▶ _Exercise inputs_

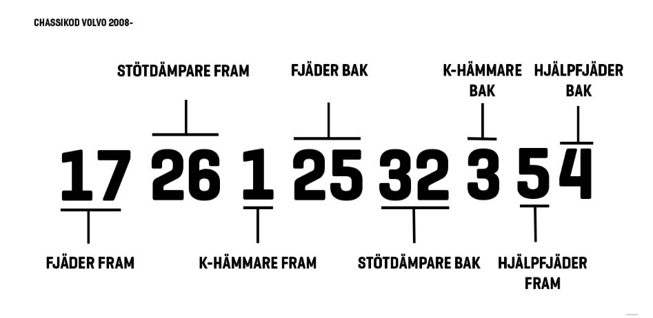 För att hitta rätt fjädrar så har vi gjort en fusklapp där du kan avkoda chassikoden för just din Volvo.
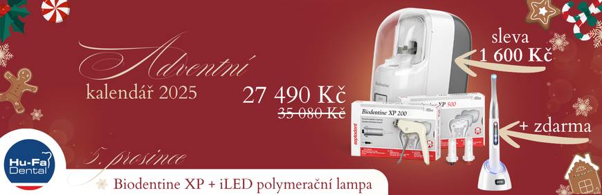 Pouze dnes můžete objednat Biodentine XP starter pack se slevou a získat zdarma LED polymerační lampu iLED zcela zdrama. Do košíku vložte Biodentine XP starter pack a do pole poznámka v nákupním košíku nezapomeňte uvést kód ADVENT25. Cena zboží Vám bude upravena ručně. Dovolujeme si Vás upozornit, že pro velký zájem bude objednané zboží dodáno až v druhé polovině ledna 2026. Děkujeme za Vaši trpělivost.
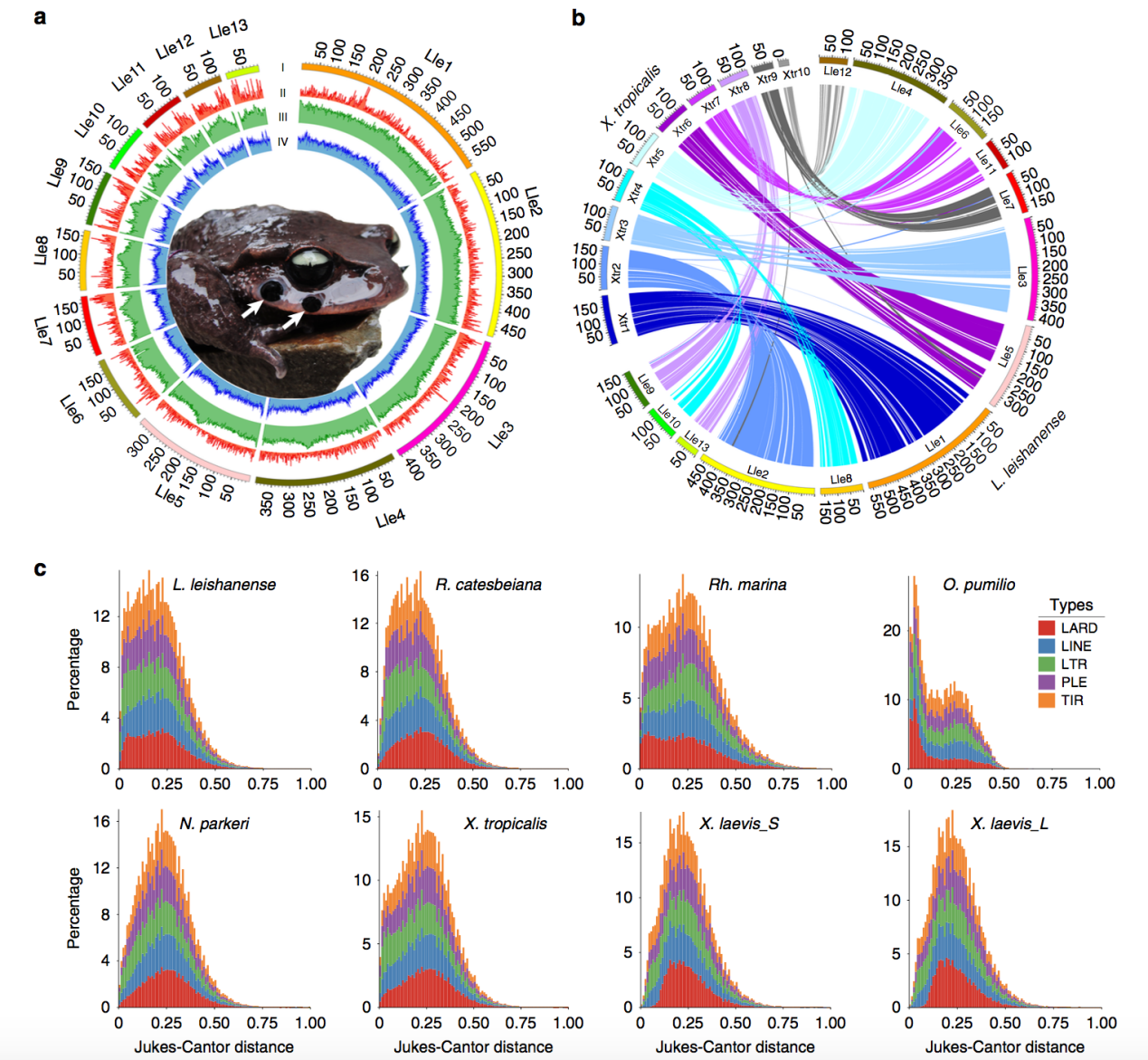 通過(guò)基因組共線(xiàn)性研究雷山髭蟾L. leishanense和熱帶爪蟾?X. tropicalis的基因組結構特征。結果表明,兩個(gè)物種之間存在著(zhù)大量的染色體共線(xiàn)性(圖4 b)。L. leishanense染色體數目是13,而?X. tropicalis的染色體數目是10,這種差異是源于L. leishanense的染色體分裂。X. tropicalis染色體(Xtr)4、7和8上的同源共線(xiàn)性區段分布在L. leishanense基因組中的兩個(gè)獨立染色體上(分別為L(cháng)le8+10、6+11和9+13)。在L. leishanense的基因組中,346個(gè)共線(xiàn)性區段中有179個(gè)倒位。經(jīng)PacBio reads驗證,X. tropicalis的Xtr2、3、6、9、10等7個(gè)區域(502 Kb-5.9 Mb)易位到與相應同源染色體不同的L. leishanense染色體上(圖5)。
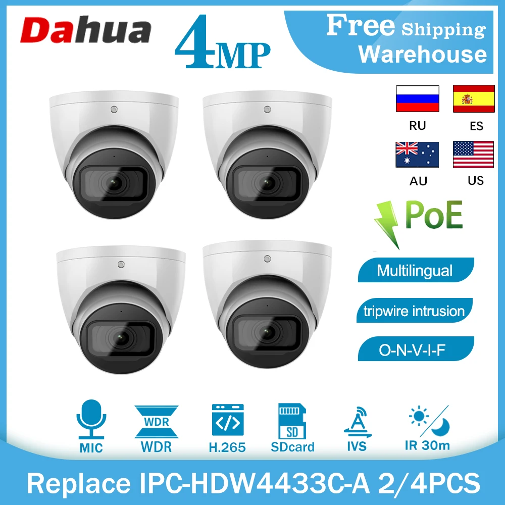 IP-камера Dahua, быстрая, 4 МП, POE, H265, встроенный микрофон, IP67, IVS, наружная купольная камера видеонаблюдения, мониторинг
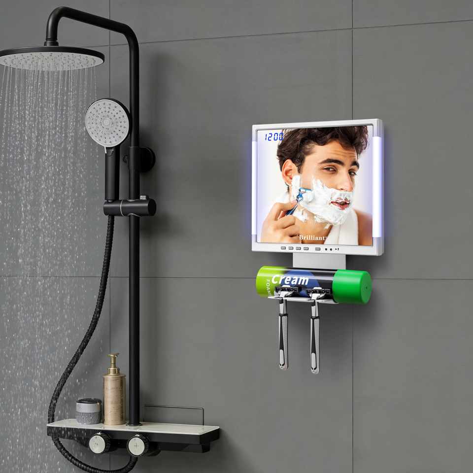 Shower Bath Room Mirror Radio with Wireless Speaker and LED Clock Light

▶ _What to work on_
Transcribe exactly the span of lines from the line holding "Kb-5.9 Mb)易位到與相應同源染色體不同的L. leishanense染色體上(圖5)。" through the last line above, both included. Pictures stay out.

▶ _Task result_
 通過(guò)基因組共線(xiàn)性研究雷山髭蟾L. leishanense和熱帶爪蟾?X. tropicalis的基因組結構特征。結果表明,兩個(gè)物種之間存在著(zhù)大量的染色體共線(xiàn)性(圖4 b)。L. leishanense染色體數目是13,而?X. tropicalis的染色體數目是10,這種差異是源于L. leishanense的染色體分裂。X. tropicalis染色體(Xtr)4、7和8上的同源共線(xiàn)性區段分布在L. leishanense基因組中的兩個(gè)獨立染色體上(分別為L(cháng)le8+10、6+11和9+13)。在L. leishanense的基因組中,346個(gè)共線(xiàn)性區段中有179個(gè)倒位。經(jīng)PacBio reads驗證,X. tropicalis的Xtr2、3、6、9、10等7個(gè)區域(502 Kb-5.9 Mb)易位到與相應同源染色體不同的L. leishanense染色體上(圖5)。
 IP-камера Dahua, быстрая, 4 МП, POE, H265, встроенный микрофон, IP67, IVS, наружная купольная камера видеонаблюдения, мониторинг
 Shower Bath Room Mirror Radio with Wireless Speaker and LED Clock Light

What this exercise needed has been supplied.